Jailbreaking Leading Safety-Aligned LLMs with Simple Adaptive Attacks
arxiv(2024)
摘要
We show that even the most recent safety-aligned LLMs are not robust to
simple adaptive jailbreaking attacks. First, we demonstrate how to successfully
leverage access to logprobs for jailbreaking: we initially design an
adversarial prompt template (sometimes adapted to the target LLM), and then we
apply random search on a suffix to maximize the target logprob (e.g., of the
token "Sure"), potentially with multiple restarts. In this way, we achieve
nearly 100% attack success rate – according to GPT-4 as a judge – on
GPT-3.5/4, Llama-2-Chat-7B/13B/70B, Gemma-7B, and R2D2 from HarmBench that was
adversarially trained against the GCG attack. We also show how to jailbreak all
Claude models – that do not expose logprobs – via either a transfer or
prefilling attack with 100% success rate. In addition, we show how to use
random search on a restricted set of tokens for finding trojan strings in
poisoned models – a task that shares many similarities with jailbreaking –
which is the algorithm that brought us the first place in the SaTML'24 Trojan
Detection Competition.

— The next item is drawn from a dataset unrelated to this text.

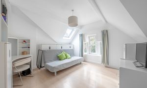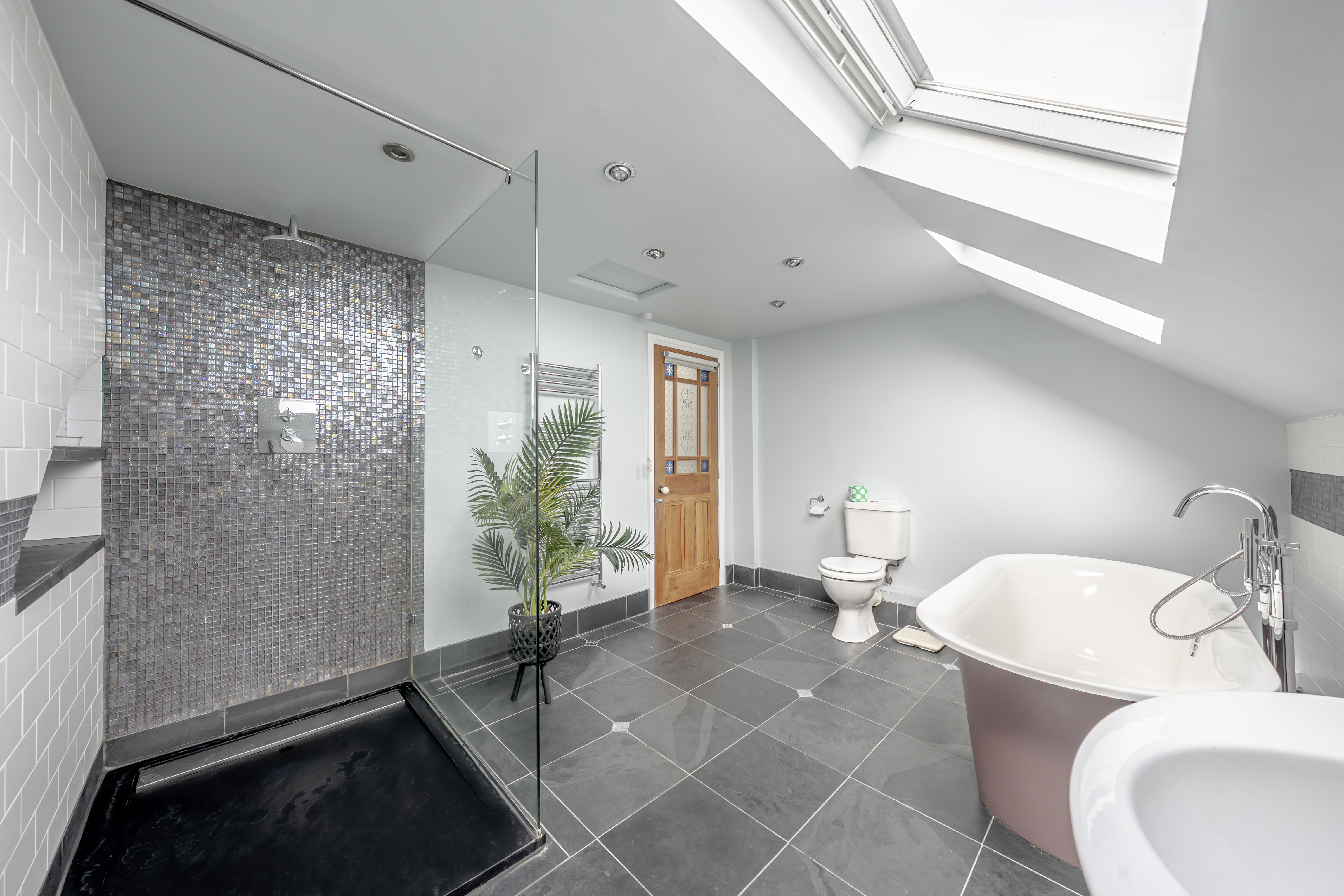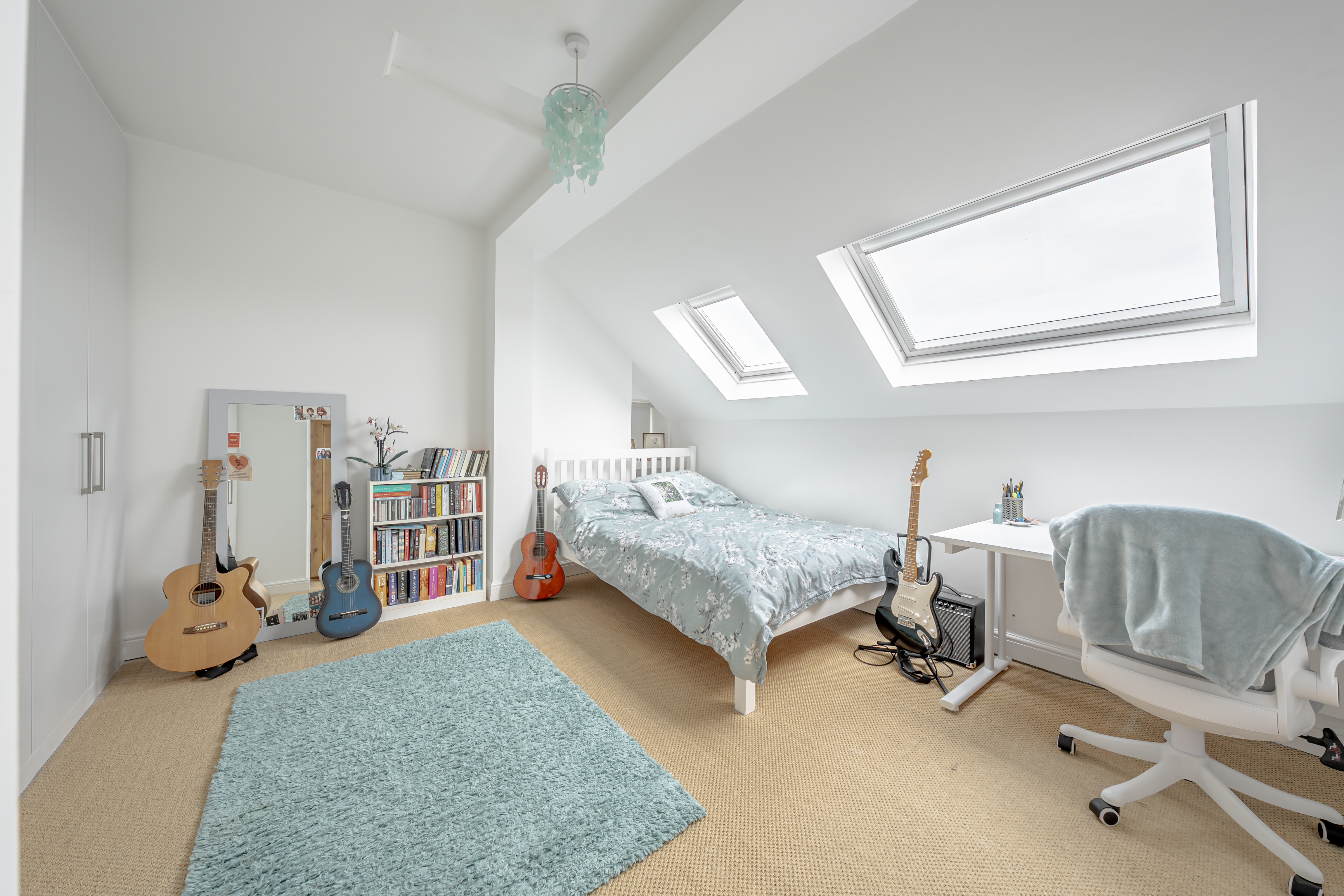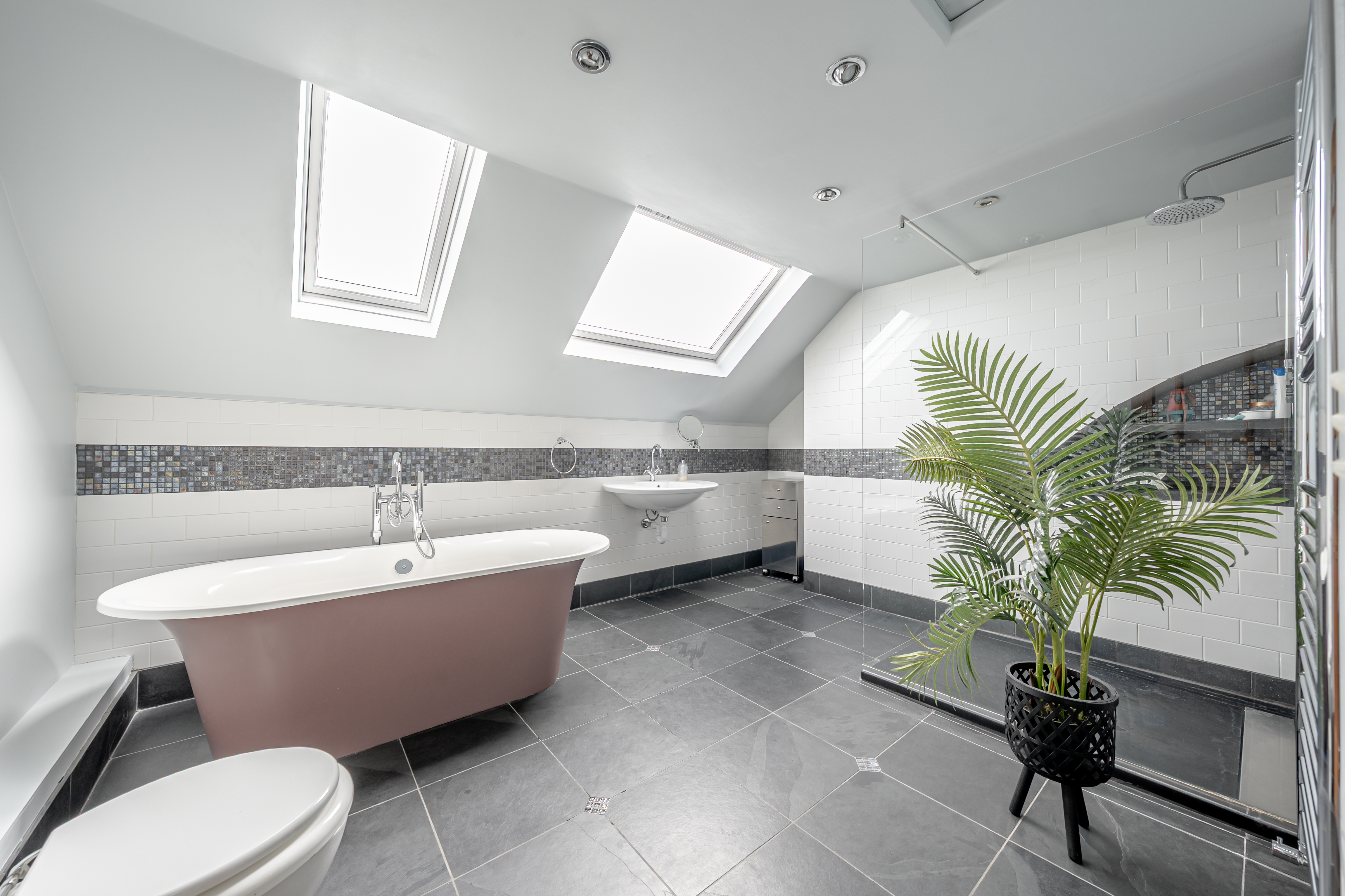 The second floor offers superb additional accommodation, comprising three further generous double bedrooms with skylights allowing excellent natural light, two benefitting from fitted storage. A contemporary house bathroom completes this level, appointed with a freestanding bath and separate walk-in shower, creating an ideal space for family or guests.

The common theme behind these attacks is that adaptivity
is crucial: different models are vulnerable to different prompting templates
(e.g., R2D2 is very sensitive to in-context learning prompts), some models have
unique vulnerabilities based on their APIs (e.g., prefilling for Claude), and
in some settings it is crucial to restrict the token search space based on
prior knowledge (e.g., for trojan detection). We provide the code, prompts, and
logs of the attacks at https://github.com/tml-epfl/llm-adaptive-attacks.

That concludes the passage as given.